TASK ITEM
Pictures aside, the data must be reproduced exactly.

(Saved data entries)
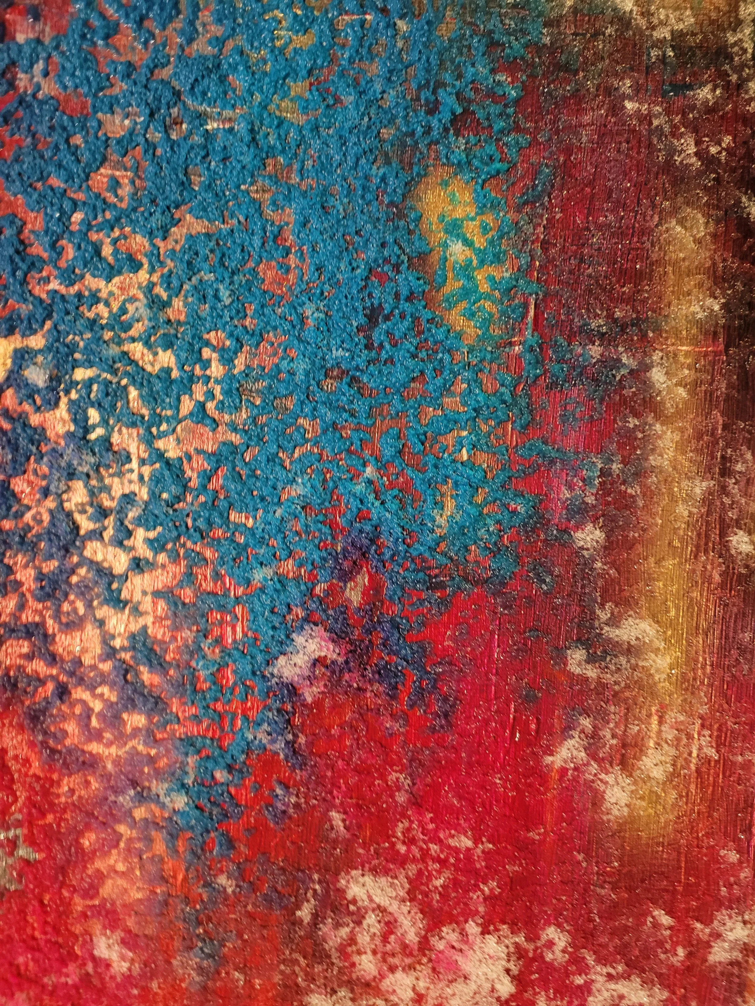 The swirling red haze, suspended within the cold surface, gives the work its name and mood. It's a painting that doesn’t just depict nature — it is nature, transformed through human touch. As the elements shift and settle, they remind us that nothing lasts — and that’s what makes it beautiful.
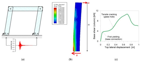 The system takes inspiration in geometrical and mechanical properties from the glass portal frame which was originally explored in [54] under in-plane seismic loads. As shown in Figure 2, the dimensions of the primary elements are 6 m for columns and 8 m for beams, respectively. The resisting cross-section of glass members has uniform size (600 × 66 mm) given by five glass layers (heat strengthened type, 12 mm in thickness) plus five interposed ionoplast foils (SG type, 1.52 mm in thickness). The beam-to-column connection is characterized by an ideal pinned connection, while the base restraint of the frame consists of a bolted steel connection (M24 diameter), whose pins pass through two holes (32 mm its diameter) made in the laminated glass column, with a relative distance of D = 500 mm (Figure 1). Finally, four mild steel brackets fix the columns to the foundation. In terms of in-plane seismic response of the case-study system, critical issues are represented by the mechanical behaviour of base connections, where glass holes can be subjected to local stress peaks [54].
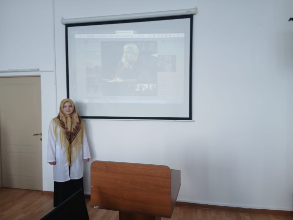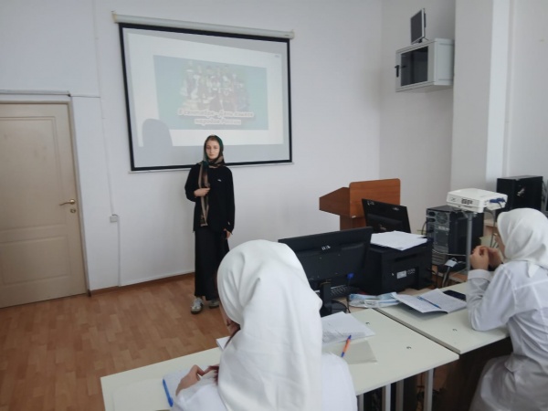 Далее, проитали стихи на родных языках студентки 1 курса: Мустапаева Дженнет,, Хуцуева Амина, Атаева Алжанат .
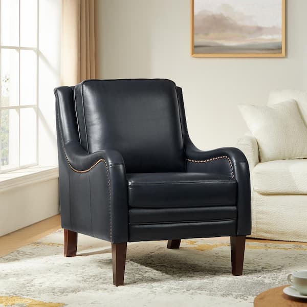 Gertrudis Navy 27.56 in. W Genuine Leather Upholstered Arm Chair with Nailhead Trims
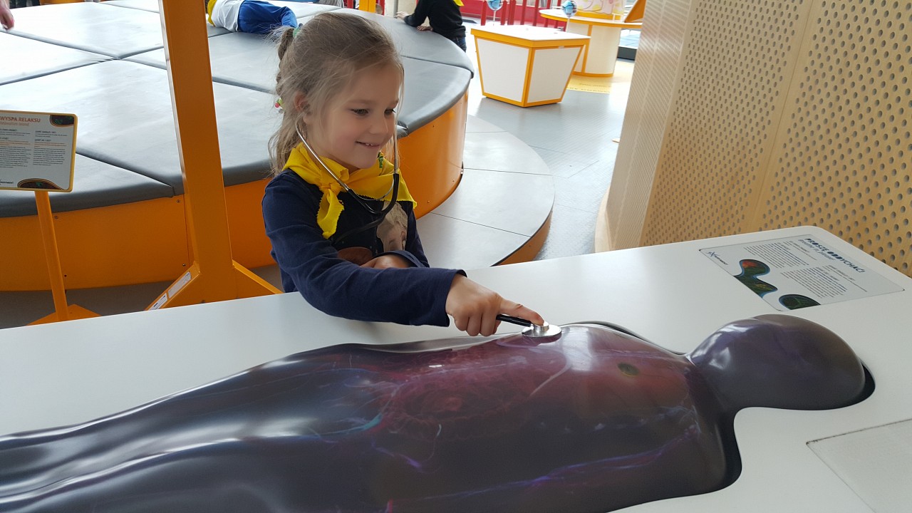 W ,, Hydroświecie '' przedszkolaki miały możliwość zdobycia wiedzy hydrologicznej. Na wystawie wcielając się w role inżynierów, konstruując i wprawiając w ruch skomplikowane mechanizmy, poznały działanie śluzy, tamy, śruby Archimedesa, a nawet miały szansę stworzyć wir wodny. W części zwanej ,, Akcja : człowiek '' dzieci dowiedziały się, jak zbudowane jest ciało ludzkie, jak działają zmysły, mogły też przeprowadzić wirtualną operację. Galeria ,, Drzewo życia'' przybliżyła dzieciom świat przyrody. Mogły na własnej skórze doświadczyć trzęsienia ziemi, a także sprawdzić, jak widzą zwierzęta. Dużym powodzeniem cieszyło się szukanie tropów zwierząt i zjazd z olbrzymiej zjeżdżalni. Wystawa ,, Niewidoczne siły'' udowodniła, że nawet przedszkolaki, które nie znają wzorów i wykresów mogą dziedzinę nauki, jaką jest fizyka starać się zrozumieć. Interaktywne stanowiska pozwoliły dzieciom przyswoić naturę dźwięku czy istotę elektryczności i magnetyzmu.
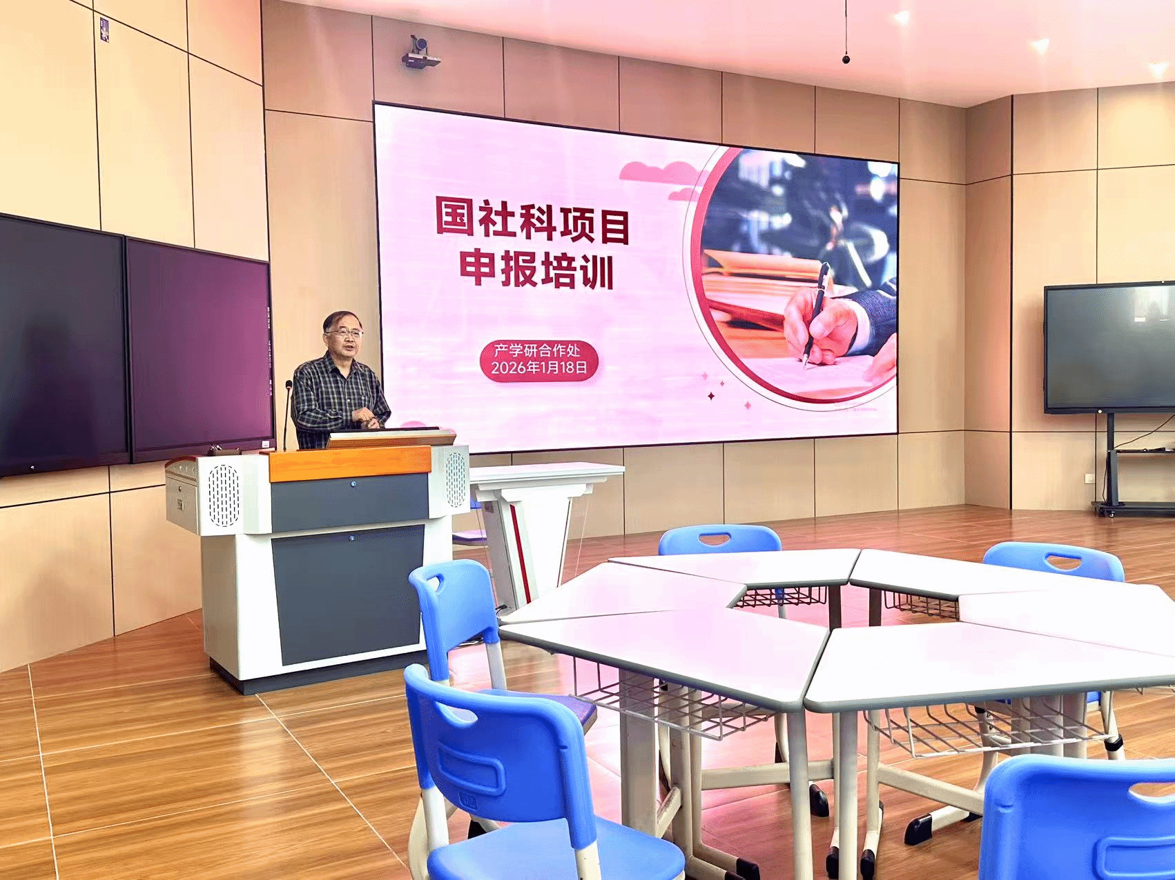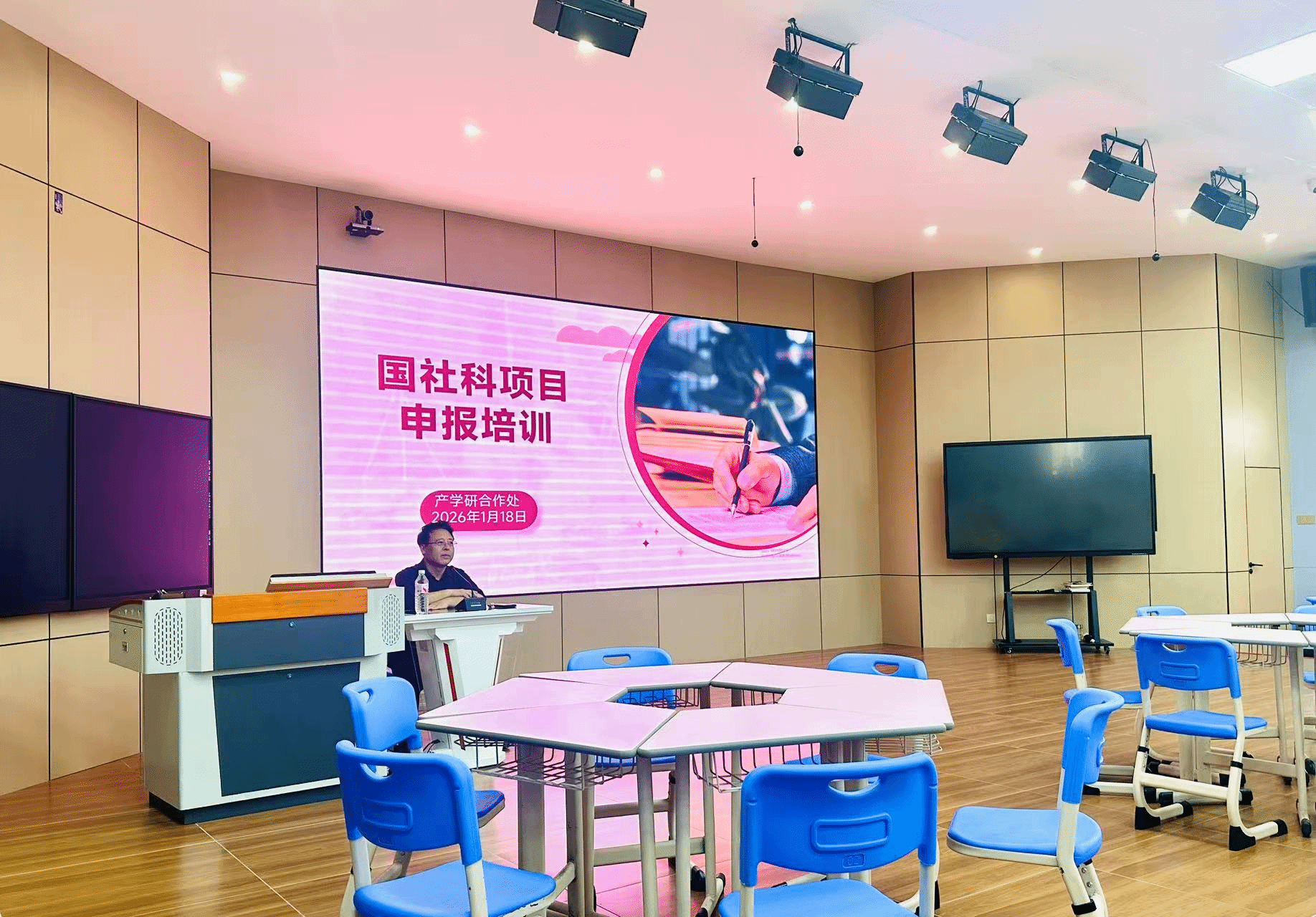 2026年1月19日,产学研合作处抢抓国家社会科学基金项目申报关键期,组织专题培训会,着力提升科研项目申报质量与立项成功率。兰州大学二级教授、博士生导师王学俭,东北大学二级教授、博士生导师田鹏颖来校主讲,各二级学院科研申报骨干及青年教师代表参会,共探申报技巧、破解科研难题。
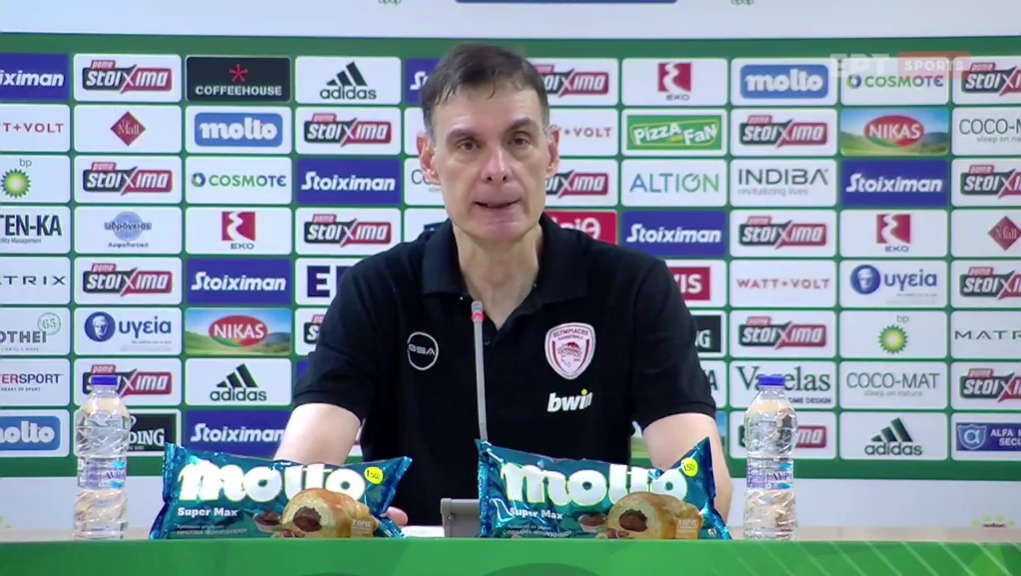 Ο 57χρονος προπονητής του Ολυμπιακού, σε συνέντευξη Τύπου που παραχώρησε μετά το τέλος του παιχνιδιού στο ΟΑΚΑ, σχολίασε συνοπτικά την εικόνα του παιχνιδιού και έδωσε το σύνθημα εν όψει του τρίτου τελικού στο ΣΕΦ.
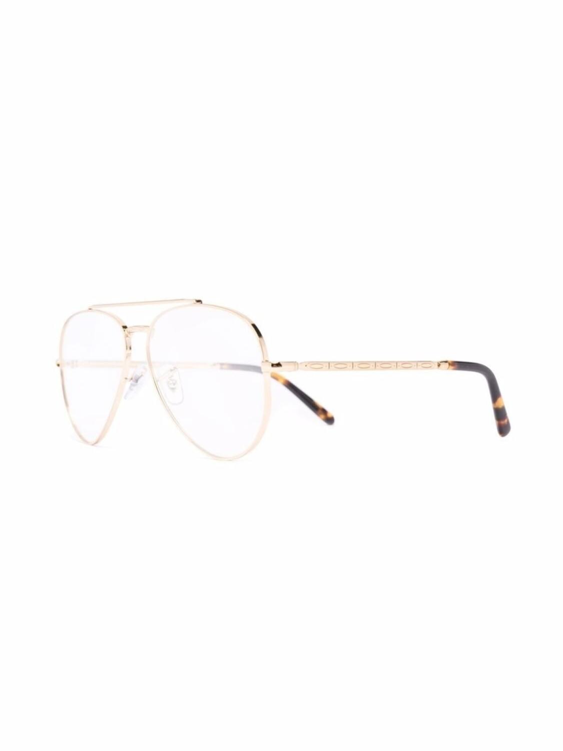 Оправа «авиатор», носоупоры, прямые дужки и дужки с закругленными концами. Обратите внимание, что на FARFETCH продаются оправы с линзами без диоптрий. В комплект входит защитный чехол для очков.

EXPECTED ANSWER
 The swirling red haze, suspended within the cold surface, gives the work its name and mood. It's a painting that doesn’t just depict nature — it is nature, transformed through human touch. As the elements shift and settle, they remind us that nothing lasts — and that’s what makes it beautiful.
 The system takes inspiration in geometrical and mechanical properties from the glass portal frame which was originally explored in [54] under in-plane seismic loads. As shown in Figure 2, the dimensions of the primary elements are 6 m for columns and 8 m for beams, respectively. The resisting cross-section of glass members has uniform size (600 × 66 mm) given by five glass layers (heat strengthened type, 12 mm in thickness) plus five interposed ionoplast foils (SG type, 1.52 mm in thickness). The beam-to-column connection is characterized by an ideal pinned connection, while the base restraint of the frame consists of a bolted steel connection (M24 diameter), whose pins pass through two holes (32 mm its diameter) made in the laminated glass column, with a relative distance of D = 500 mm (Figure 1). Finally, four mild steel brackets fix the columns to the foundation. In terms of in-plane seismic response of the case-study system, critical issues are represented by the mechanical behaviour of base connections, where glass holes can be subjected to local stress peaks [54].
 Далее, проитали стихи на родных языках студентки 1 курса: Мустапаева Дженнет,, Хуцуева Амина, Атаева Алжанат .
 Gertrudis Navy 27.56 in. W Genuine Leather Upholstered Arm Chair with Nailhead Trims
 W ,, Hydroświecie '' przedszkolaki miały możliwość zdobycia wiedzy hydrologicznej. Na wystawie wcielając się w role inżynierów, konstruując i wprawiając w ruch skomplikowane mechanizmy, poznały działanie śluzy, tamy, śruby Archimedesa, a nawet miały szansę stworzyć wir wodny. W części zwanej ,, Akcja : człowiek '' dzieci dowiedziały się, jak zbudowane jest ciało ludzkie, jak działają zmysły, mogły też przeprowadzić wirtualną operację. Galeria ,, Drzewo życia'' przybliżyła dzieciom świat przyrody. Mogły na własnej skórze doświadczyć trzęsienia ziemi, a także sprawdzić, jak widzą zwierzęta. Dużym powodzeniem cieszyło się szukanie tropów zwierząt i zjazd z olbrzymiej zjeżdżalni. Wystawa ,, Niewidoczne siły'' udowodniła, że nawet przedszkolaki, które nie znają wzorów i wykresów mogą dziedzinę nauki, jaką jest fizyka starać się zrozumieć. Interaktywne stanowiska pozwoliły dzieciom przyswoić naturę dźwięku czy istotę elektryczności i magnetyzmu.
 2026年1月19日,产学研合作处抢抓国家社会科学基金项目申报关键期,组织专题培训会,着力提升科研项目申报质量与立项成功率。兰州大学二级教授、博士生导师王学俭,东北大学二级教授、博士生导师田鹏颖来校主讲,各二级学院科研申报骨干及青年教师代表参会,共探申报技巧、破解科研难题。
 Ο 57χρονος προπονητής του Ολυμπιακού, σε συνέντευξη Τύπου που παραχώρησε μετά το τέλος του παιχνιδιού στο ΟΑΚΑ, σχολίασε συνοπτικά την εικόνα του παιχνιδιού και έδωσε το σύνθημα εν όψει του τρίτου τελικού στο ΣΕΦ.
 Оправа «авиатор», носоупоры, прямые дужки и дужки с закругленными концами. Обратите внимание, что на FARFETCH продаются оправы с линзами без диоптрий. В комплект входит защитный чехол для очков.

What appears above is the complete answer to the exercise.